To test the potential for these multivariate data to distinguish two closely related species, we subjected the DeGusta and Vrba (2003) African antelope data to a discriminant function analysis (DFA) on the basis of specific identification. Additionally, we performed individual DFAs within genera of African antelope, to detect the sensitivity of the astragalar dimensions to species-level differences within a genus. While these DFAs are not identical to the PCA we performed on the Thousand Creek data, they do provide a baseline for taxonomic discrimination using artiodactyl astragali. Unfortunately, we cannot perform such a DFA on extant antilocaprids because there is only the single extant species.
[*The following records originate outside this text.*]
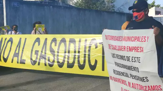 Entre pancartas vecinos San Damián y Residencial Pensiones etapa 6 y 7 se manifestaron en contra del gasoducto, pues aseguran que ninguno de estos tienen contrato con la empresa
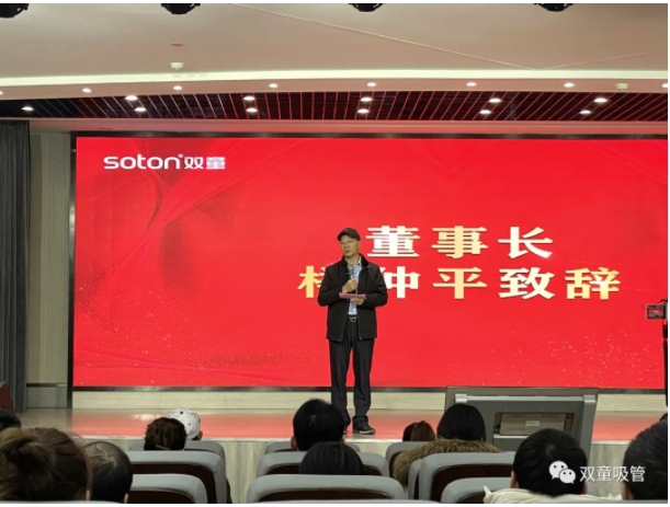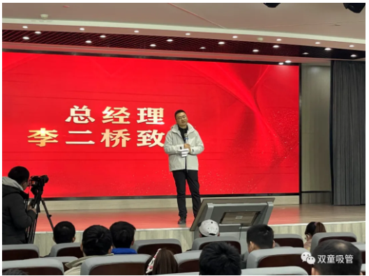 大會(huì)上,“雙童”董事長樓仲平和“雙童”總經(jīng)理李二橋,向在場每一位辛勤奮斗的員工們表示了感謝,并提出了“雙童”后續(xù)的工作規(guī)劃,為員工爭取了更多權(quán)益與巨額獎(jiǎng)勵(lì),給予了在場員工巨大的想象空間。
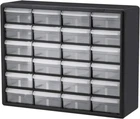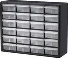 Plastic CABINET DIMENSIONS- 20-Inch x 6-3/8 Inch x 15-13/16 Inch, DRAWER DIMENSIONS- 6-Inch x 4-1/2-Inch x 2-3/16 Inch (large drawer) HIGH QUALITY- Rugged, high-impact polystyrene frame and 24 drawers GREAT FOR– Storing and organizing classroom or office supplies, crafts, bead organizer, art supply storage, or sewing supplies, hardware, lego and small toy storage, fishing gear and more STACK OR WALL MOUNT- Cabinets stack securely and can also be wall mounted using keyhole slots molded into the back of the cabinet DIVIDABLE DRAWERS- 4 drawer dividers included and come molded into the back of the cabinet, finger-grip drawer pulls provide easy access and rear stop tabs prevent contents from spilling
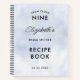 An elegant bridal shower recipe book with a Cloud 9 theme, featuring a pastel blue sky background, modern script calligraphy and simple, clean, modern typography.
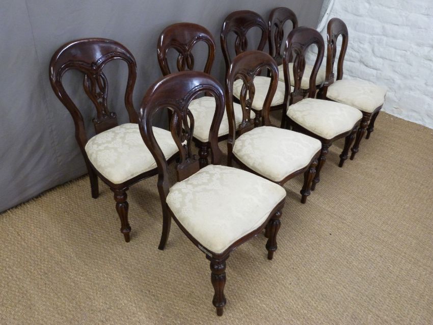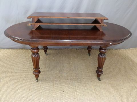 Extending dining table with two extra leaves together with a set of dining chairs with reeded bulbous legs to match
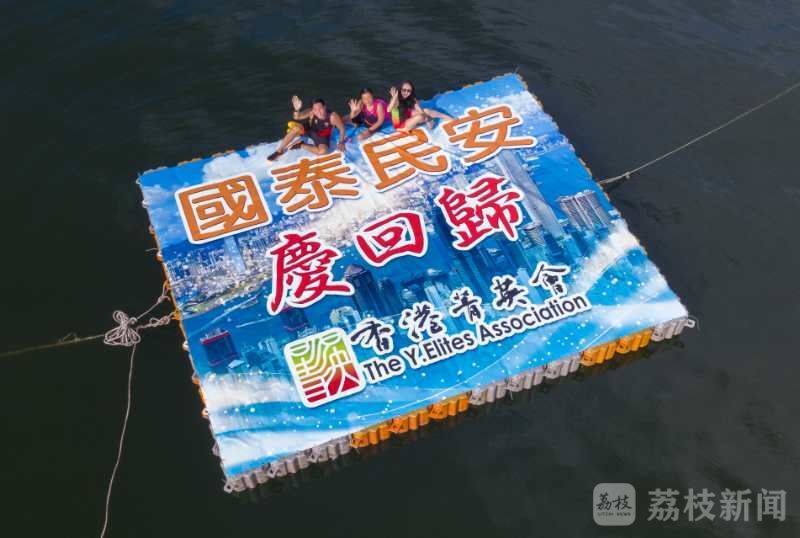 (香港菁英会在水中拉出“国泰民安 庆回归”的字样)
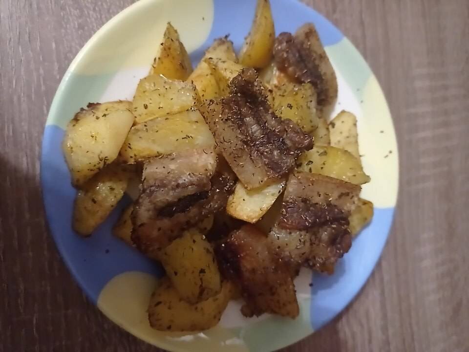 # календар Ингредиенты: Картоплі, Сала, Сіль по смаку, Приправа, ст ложок олії Способ приготовления: Чистимо картоплю.Потім її перемиваємо,і ріжемо дольками. Беремо картоплю і бумажним полотенцем обсушуємо її.Беремо іншу миску і добавляємо туди приправу сіль і олію і перемішуємо добавляєм картоплю і ще раз перемішуємо. Беремо сало ріжемо його і кладемо зверху на картоплю. Ставимо в духовку на 180° 40хв І насолоджуємось.Виходить дуже смачно 😊
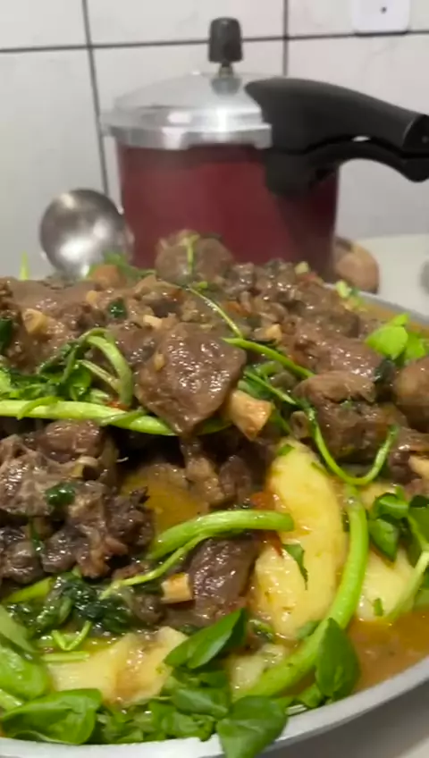 Rabada com polenta e agrião #food #Comida #Receita
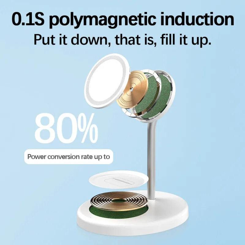The strong magnetic charging function of the 2-in-1 charging stand is directly suitable for the iPhone 15/14/13/12 series.
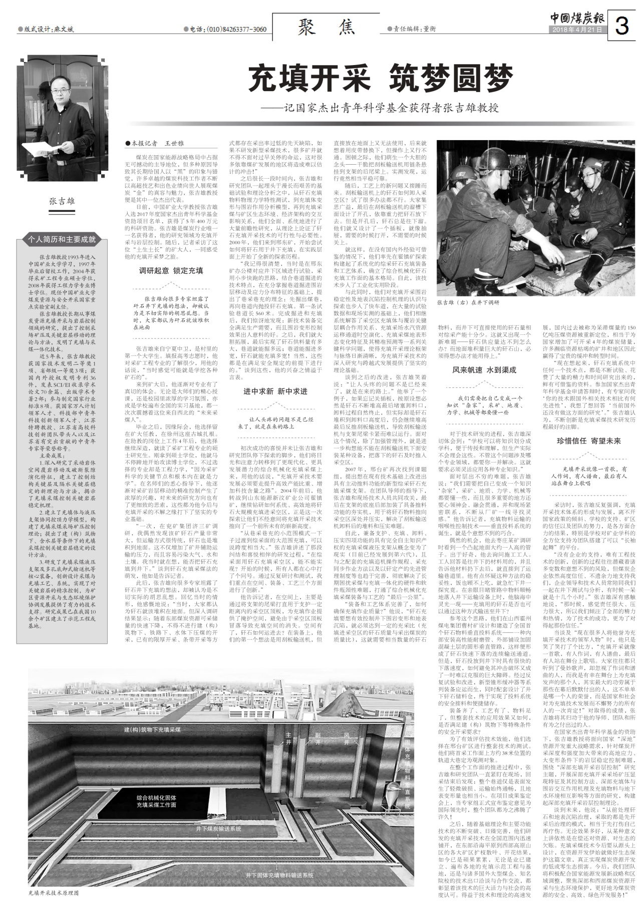 《中国煤炭报》2018年4月21日第3版以“充填开采 筑梦圆梦——记国家杰出青年科学基金获得者张吉雄教授”为题报道了张吉雄教授先进事迹,原文如下:

If there are two or three species of antilocaprids in the fossil sample, the V will be larger in the fossil sample from Thousand Creek than in the single-species samples of Antilocapra americana, Texoceros guymonensis, or the samples published by DeGusta and Vrba (2003) or Weinand (2007) (Simpson, 1947; Sokal and Braumann, 1980; Carrasco, 1998). To test this prediction, we followed the methods for comparing V presented by Sokal and Braumann (1980), using V*, the coefficient of variation corrected for sample size. This correction is small and, although arguments have been presented against it on the basis that it increases the estimate of variation (Cope and Lacy, 1992; Cope, 1993), it does not change the results (Table 1) of this study and has been used here for consistency with the method of Sokal and Braumann (1980). To remove erroneously high V* values, we only included single-species samples from DeGusta and Vrba (2003) and Weinand (2007) with sample sizes greater than five individuals.
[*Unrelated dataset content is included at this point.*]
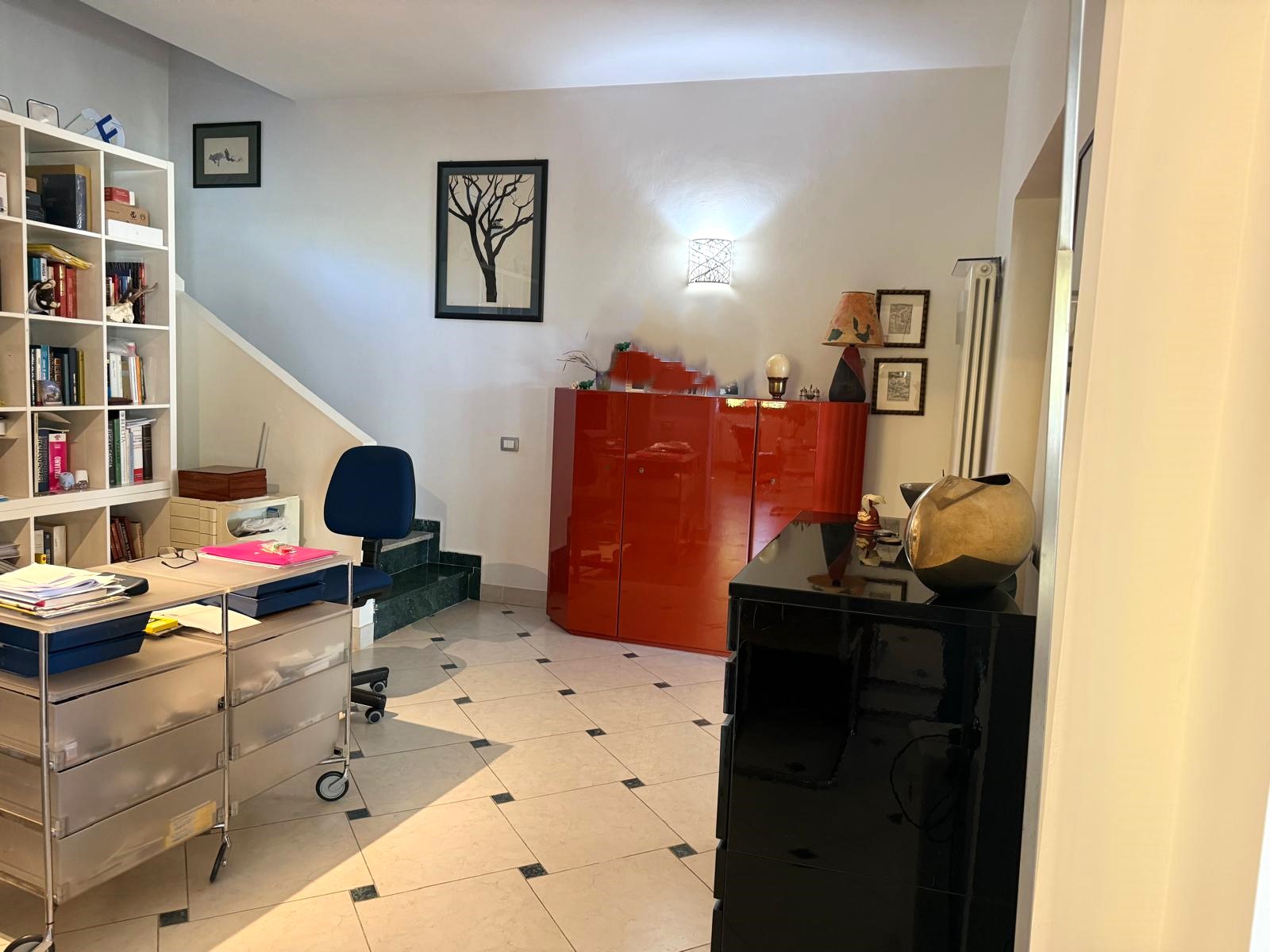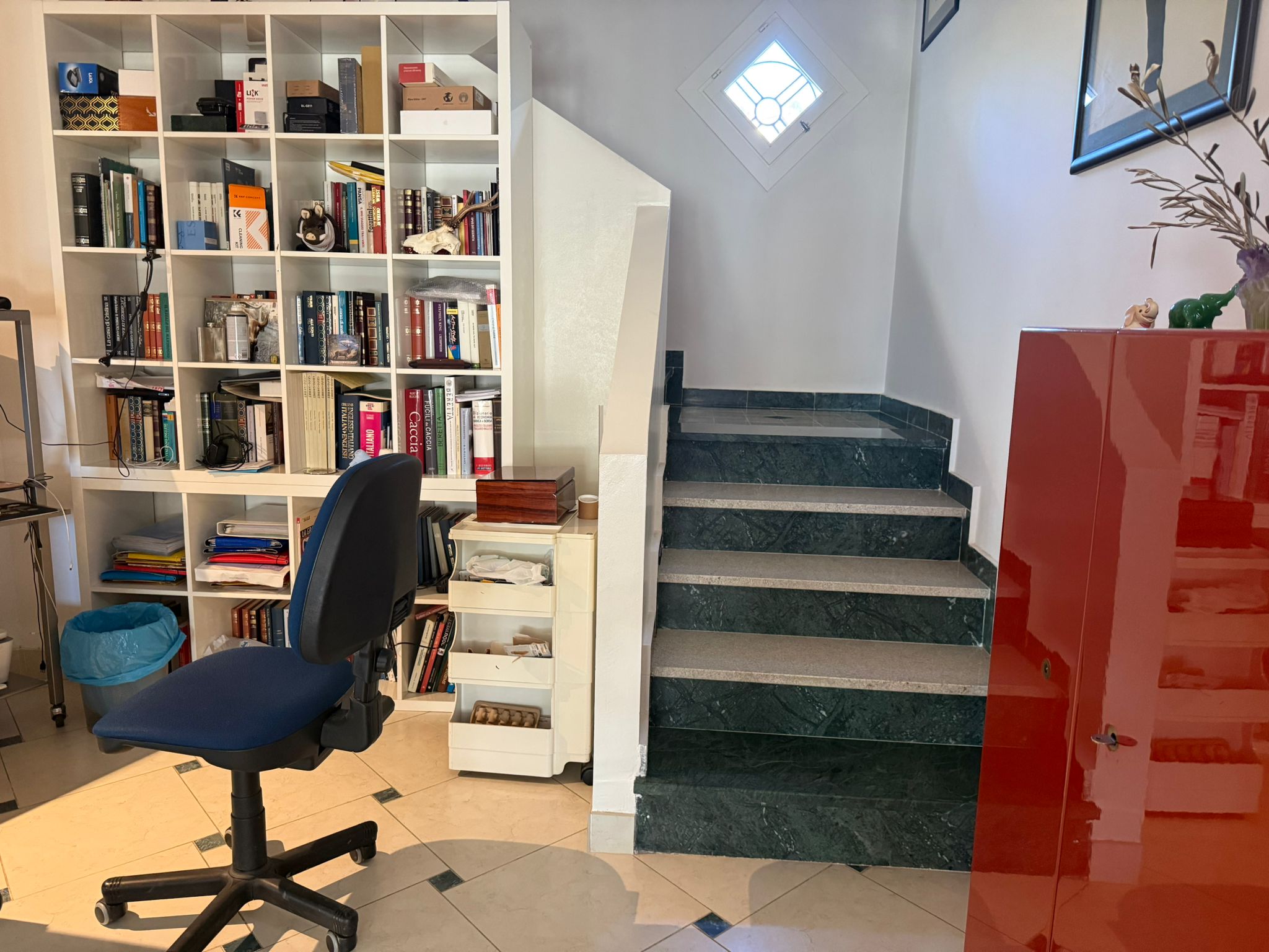 Sempre al piano terra, trovi un bagno e un angolo studio, perfetto per chi lavora da casa.

If coefficients of variation between the Thousand Creek sample and the single species samples are not significantly different, we cannot reject the null hypothesis that the Thousand Creek antilocaprids are members of a single species. If there are no detectible differences within the sample of astragali from Thousand Creek through both (1) exploration of the data using principal components analysis and (2) hypothesis testing using the analysis of coefficients of variation, we will be unable to reject the null hypothesis of a single species.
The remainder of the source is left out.